Omega: You use the phrase "retrofitting industrial civilization" to talk about the bigger sorts of changes that we need to make. What do you mean by this?

Andrew: Industrialization has added a huge, unnecessary, pollution load. That pollution load is in the diesel emissions of the tractor trailers and the fossil fuel infrastructure. Ultimately, this is making places like New York City, Philadelphia, and Boston unable to be in compliance with the Clean Air Act.

Cities have this inherent attraction because of the human element in them, but then it’s as if people just put up with how bad the air is, how bad the water is, and how little vegetation there is. 

Could we retool things so we’re not inherently hurting ourselves by turning on our lightbulb at night? Can we have the basic necessities of life without a legacy that is unacceptable because of these emissions into our environment? What could be changed to make cities places that actually were enjoyable for people to live in? We need to recognize that an industrial way of meeting all of our needs is actually an ill-suited solution. 

Omega: How do you think we rectify this situation?

Andrew: There’s a population in the northeastern United States—especially in Williamsburg, Brooklyn and in the Hudson Valley—that is starting to move in the direction of being more regionally self-reliant.

People are saying, “What if not just our food comes from within a regional distance, but what if what we build our buildings with materials from not so far away? What if the medicines we take are grown wild, in healthy soil? What about making all of our clothing from plants that are actually wild and weedy and considered an exotic invasive? That could also be where our paper is manufactured.” 

It’s about what things are made out of, where the power comes from, and who is producing the things that we’re consuming.

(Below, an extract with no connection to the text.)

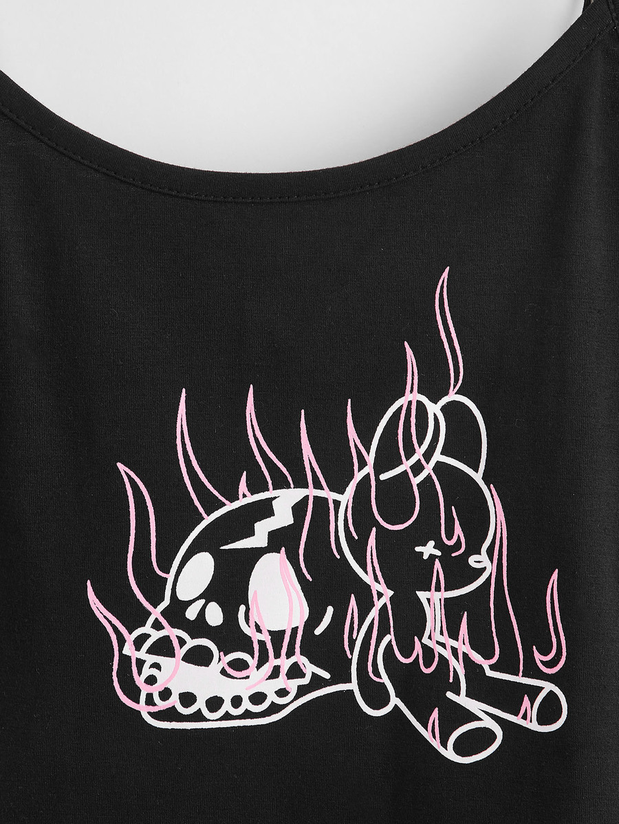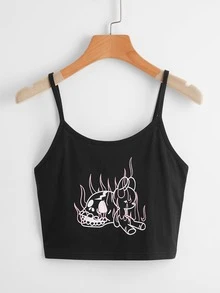 Top à fines brides court à motif de flamme

By becoming more local producers, we reclaim autonomy.

We can’t sit on our hands and ask corporate America and the Federal government to save our day. We need to lean on ourselves and become entrepreneurs. That’s the key to what will ultimately create real security in this country. So long as we’re held hostage to long distance transportation of energy, and to the basic necessities of life, then we don’t have real security. 

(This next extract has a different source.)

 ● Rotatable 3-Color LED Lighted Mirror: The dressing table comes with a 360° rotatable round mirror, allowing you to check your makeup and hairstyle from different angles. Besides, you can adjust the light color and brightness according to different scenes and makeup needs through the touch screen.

Our supply lines are our weak point, just as they were the weak point in the Roman Empire, just as they were in the British Empire. We’re simply repeating a pattern of civilization design that is inevitably going to lead to failure.

Does it make sense to have strategies of tragedy, where we attempt to keep alive a dying beast that shouldn’t be what we ultimately depend on at all? Or do we create a whole new economy in the midst of that obsolete economy, one that has the real resilience that we’re looking for?